The IO monad implements a user-space scheduler which provides this layer of abstraction. Each fiber is made up of a sequence of actions, where each action is either synchronous (delay) or asynchronous (async). Synchronous actions are defined using values of type () => A (where A is the result), while asynchronous actions are defined using callback registrations of type (Either[Throwable, A] => Unit) => Unit (where A is the result). These asynchronous actions are the most interesting part.
A synchronous action runs to completion (producing an A) and cannot be controlled by IO. Once you start a synchronous action (by calling the function of type () => A), you cannot reassert control until the value (A) is returned to you. This is quite different from an asynchronous action, where you request that some activity is started and register a callback which will be invoked when that activity is complete. In such a model, control is returned back to the runtime (IO) as soon as the process of starting the activity is complete. Think of this like the difference between Thread#start() and Runnable#run().
Most things within the IO runtime are modeled in terms of callbacks. This modeling gives the IO runtime full control over how dependent sequences of callbacks can be scheduled and run on the underlying threads. Thus, IO takes care of the details of allocating and assigning kernel threads. Fibers are scheduled on these carrier threads for a period of time, until they either yield their control entirely (such as when making a network call) or when the runtime decides that the fiber has been running for too long and the others need a turn (in the case of auto-yielding).
Within the higher-level model of the fiber, users don't need to know or care how many threads are involved in running their program (much less the number of CPUs!). They can simply allocate as many fibers as necessary to conform to their task (e.g. one per HTTP request), and the IO runtime takes care of optimally distributing work over the underlying carrier threads.
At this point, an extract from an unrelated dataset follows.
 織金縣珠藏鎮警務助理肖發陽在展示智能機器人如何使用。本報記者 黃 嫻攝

As with the kernel and the illusion of blocking a thread, blocking a fiber is also an illusion created by the IO runtime. When a fiber performs some asynchronous action which takes a long time to return (such as a network call), that fiber will be taken off of the carrier thread and some other fiber will be allowed to execute. When the callback is finally invoked (i.e. the network call returns with some value), IO will place the fiber back onto the scheduling queue to be picked up by a carrier thread as soon as one is available.
In practice, this is considerably simpler than it seems. Carrier threads simply live within a thread pool, and "placing the fiber back onto the scheduling queue" is usually no more complex than calling the equivalent of calling pool.execute(() => fiber.continue(result)) (where result is the value which was passed to the callback).
Conclusion

The point to all of this abstraction is to smooth out the details of fiddling with electrical potentials and gates all the way up to the point where we can reasonably think about how to properly handle hundreds of thousands of simultaneous network requests, or parallelize over data which has millions of independent units, or coordinate complex state problems without worrying about inefficiency. We can even continue layering further levels of abstraction on top of fibers, such as the sequential streams model provided by libraries like Fs2 and Monix.
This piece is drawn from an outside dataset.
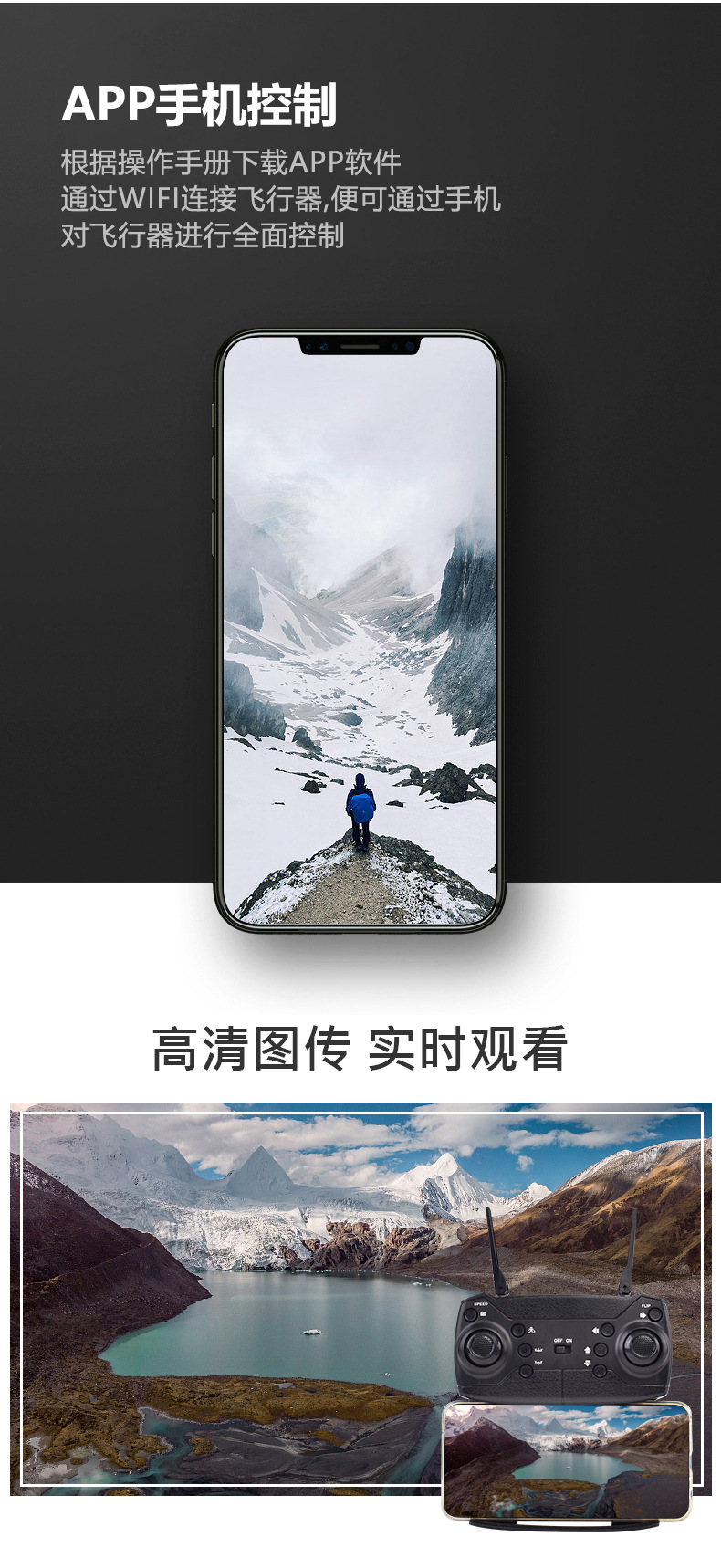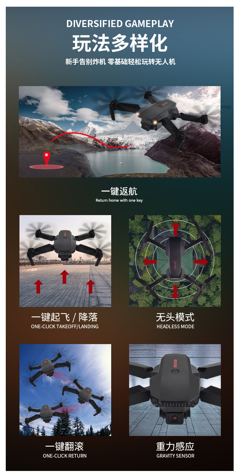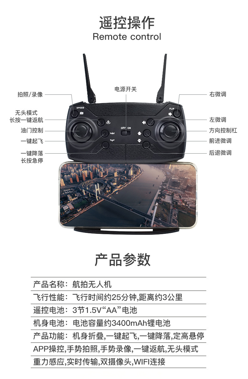 产品功能 折叠四轴,空中定高,上升/下降, 左转/右转,前进/后退左右侧飞,3D翻滚 ,翻滚转换,无头模式,WiFi摄像头录像/拍照/双摄像头/

The important takeaway is simply this: at each layer of abstraction, sequencing and blocking are illusions created by scheduling within the previous layer. We don't really have to think about this 99% of the time, and that's exactly the point to the abstraction. By accepting the illusion, we are given a programming model which matches our intuitions about how the runtime should behave without imposing impedance mismatch with our problem domain (such as the fact that we are not allowed to have as many threads as we would expect to have HTTP requests in a typical service at scale).